- _Given records_:
━━━
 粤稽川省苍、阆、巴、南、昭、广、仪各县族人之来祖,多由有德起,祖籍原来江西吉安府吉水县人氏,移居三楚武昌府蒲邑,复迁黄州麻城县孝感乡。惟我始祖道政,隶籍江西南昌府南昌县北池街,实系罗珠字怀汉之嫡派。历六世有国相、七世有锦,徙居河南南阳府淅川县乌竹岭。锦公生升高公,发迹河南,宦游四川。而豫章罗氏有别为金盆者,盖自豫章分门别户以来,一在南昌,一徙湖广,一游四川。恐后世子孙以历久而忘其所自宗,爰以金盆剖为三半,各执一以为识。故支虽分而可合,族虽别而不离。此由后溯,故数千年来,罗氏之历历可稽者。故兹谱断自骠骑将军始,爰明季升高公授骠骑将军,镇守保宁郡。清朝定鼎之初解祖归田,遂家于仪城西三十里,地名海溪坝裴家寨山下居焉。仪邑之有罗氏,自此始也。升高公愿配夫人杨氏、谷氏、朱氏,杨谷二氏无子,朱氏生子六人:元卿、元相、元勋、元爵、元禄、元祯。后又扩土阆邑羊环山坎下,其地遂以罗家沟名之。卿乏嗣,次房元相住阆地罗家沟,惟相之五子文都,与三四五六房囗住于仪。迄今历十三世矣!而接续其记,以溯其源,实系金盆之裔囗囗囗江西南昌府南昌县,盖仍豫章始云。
━━━
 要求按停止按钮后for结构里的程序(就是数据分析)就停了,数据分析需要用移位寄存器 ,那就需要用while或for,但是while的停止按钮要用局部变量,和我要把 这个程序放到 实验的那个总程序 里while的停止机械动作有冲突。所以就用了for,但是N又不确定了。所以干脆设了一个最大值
━━━
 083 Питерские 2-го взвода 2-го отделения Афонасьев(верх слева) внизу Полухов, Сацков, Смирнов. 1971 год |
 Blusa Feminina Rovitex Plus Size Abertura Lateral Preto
━━━
- _Aim of the exercise_:
Starting with the line that holds "083 Питерские 2-го" and ending with the line that holds "Blusa Feminina Rovitex", retype every line in the data above exactly, and nothing else.

- _Response to the task_:
 083 Питерские 2-го взвода 2-го отделения Афонасьев(верх слева) внизу Полухов, Сацков, Смирнов. 1971 год |
 Blusa Feminina Rovitex Plus Size Abertura Lateral Preto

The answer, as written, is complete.